Friday 4 April 2008

objects and atmospheres- non-verbal workshop with geraldine pilgrim (part 2)





ok- so these are photos from the exercise where we were asked to place self in the environment in a way that expresses an emotion- site-specific body sculpture.

in analysing these we were to consider the whole body- postion, site, aesthetic in relation to the emotional concept expressed.

i'm going to leave it at that for now- what emotion am i conveying? is it obvious (?!) what i am interested in is how the photograph gives me a new way of looking- seeing what i looked like according to one viewer- i asked them to move around me which raises interesting issues about audience perception and vantage point on promenade performance work.

more photos in next post...

3 comments:

Mz. Noodle said...

I love these photos of you on the stairs!

Especially the top two as a progression/series. I read your thoughts that the photos don't convey the same emotion as might be displayed live. However, where you situated yourself for this series creates compositionally interesting photos in the end. So maybe not the result you were aiming for in the workshop, but interesting, captivating results anyway!

harriet said...

hey thanks lena- i just looked at them again now and realised you can't see i have one eye actually open...how everytime i look at photos i often see a different detail, different story.

looking at these photos is very useful for me about how i come across 'posed' to others (albeit constructed through the lens here) and how much my pink dress works in the grey environment which i hadn't really considered as much live. the photos do become something else- far removed from the emotion i was trying to express of fear of heights (i was holding - believe it or not- on white-knuckle tight- and feet shoved firmly up against wall to keep me sure of the wall edge which those that witnessed live did comment on )

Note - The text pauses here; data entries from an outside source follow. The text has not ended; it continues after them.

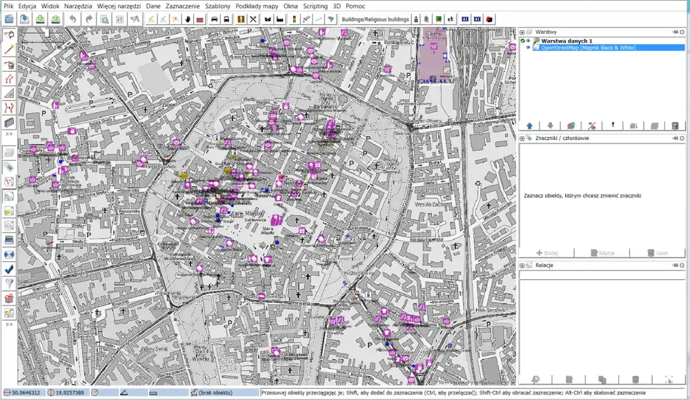 W tym celu instalujemy w JOSM wtyczkę "mirrored_download" i jako tapetę, standardową czarno-białą mapę OSM. Następnie pobieramy przefiltrowane dane.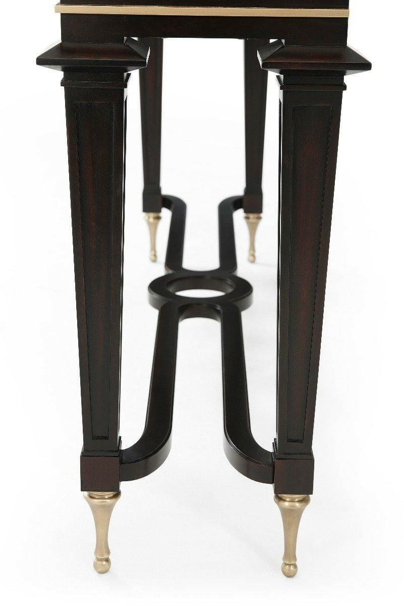 This Console Table Mid Century with Brass Peg Feet is the perfect addition to any home. Made from imbuya burl, it features a rectangular top and two frieze drawers adorned with brass moulding. The table stands on tapering square legs joined by a shaped X stretcher, with brass peg feet for added elegance. This piece is a true representation of the original Mid Century Modern style.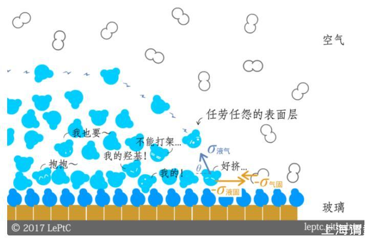 在气体和液体之外,现在XVDEVIOS官方下载免费版再加入新的角色——固体表面。玻璃的表面对水分子非常有吸引力(虽然玻璃的主要成分是二氧化硅,但它的表面通常会因为价态不饱和而结合很多羟基)。如果水滴碰到的界面是玻璃,就会出现跟空气相反的情况:接触面的水分子比平衡时更挤,表面张力是扩张的,表面能是负的,整坨水滴会希望自己跟玻璃的接触面积越大越好(同时跟空气接触面积越小越好),形成特定的接触角θ。这个角越小,意味着固体表面的亲水性越强。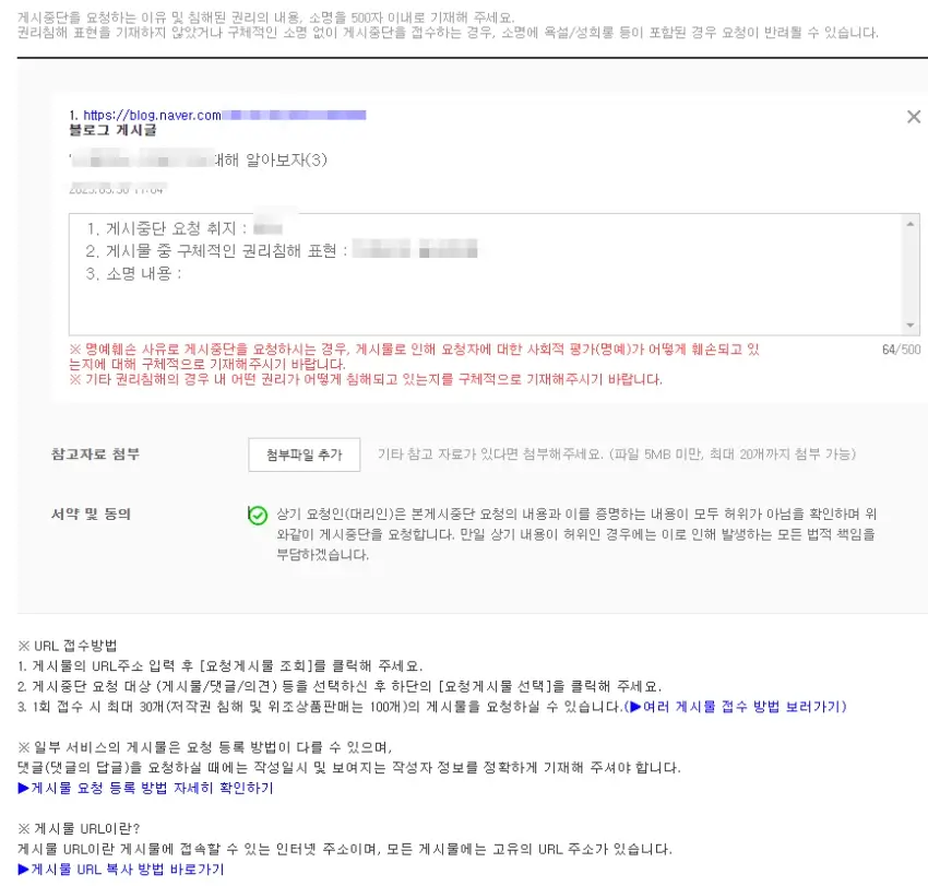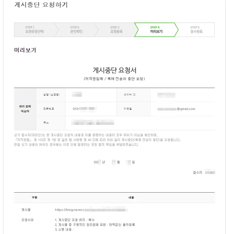게시중단 요청서 를 통해서 잘못 접수된 부분이 없는지 확인을 하시고 이메일, 연락처, 주소등을 확인한후 추가 첨부자료나 참고자료 첨부할 것을 최대한 첨부해 주시고 , 게시중단 요청에 대한 서약과 동의를 최종 확인 하신이후에 제출하면 접수가 완료가 됩니다.

so- documentation is subjective but can give new life as another piece of work in itself (not my research at the moment), offer me an opportunity to get some sort of idea of what i look like, make new perhaps unseen in the flesh connections through photographed details now composed together in the frame. all good to learn about how to use photography as a tool to support my performance development

its interesting as well in the fact that the live event only ever was a frozen tableaux and then (fittingly) captured as a frozen moment through the lens- not stills from a moving action based live performance- but how if i presented these purely as 'documentation of a performance' you wouldn't know either way without stating. would be interesting to have considered the oddity of filming this still body sculpture and the resultant reading of that as the camera moved up and around the staircase and me- how the capture through the lens distorts and creates meanings

although my work is using photography and film in the work this exercise poses questions for me viewing self and documenting the experiences purely to further my
practice

x

Laura Bean said...

Think we should take a trip to that live art on camera exhibition...oo actually did you see it in Southampton?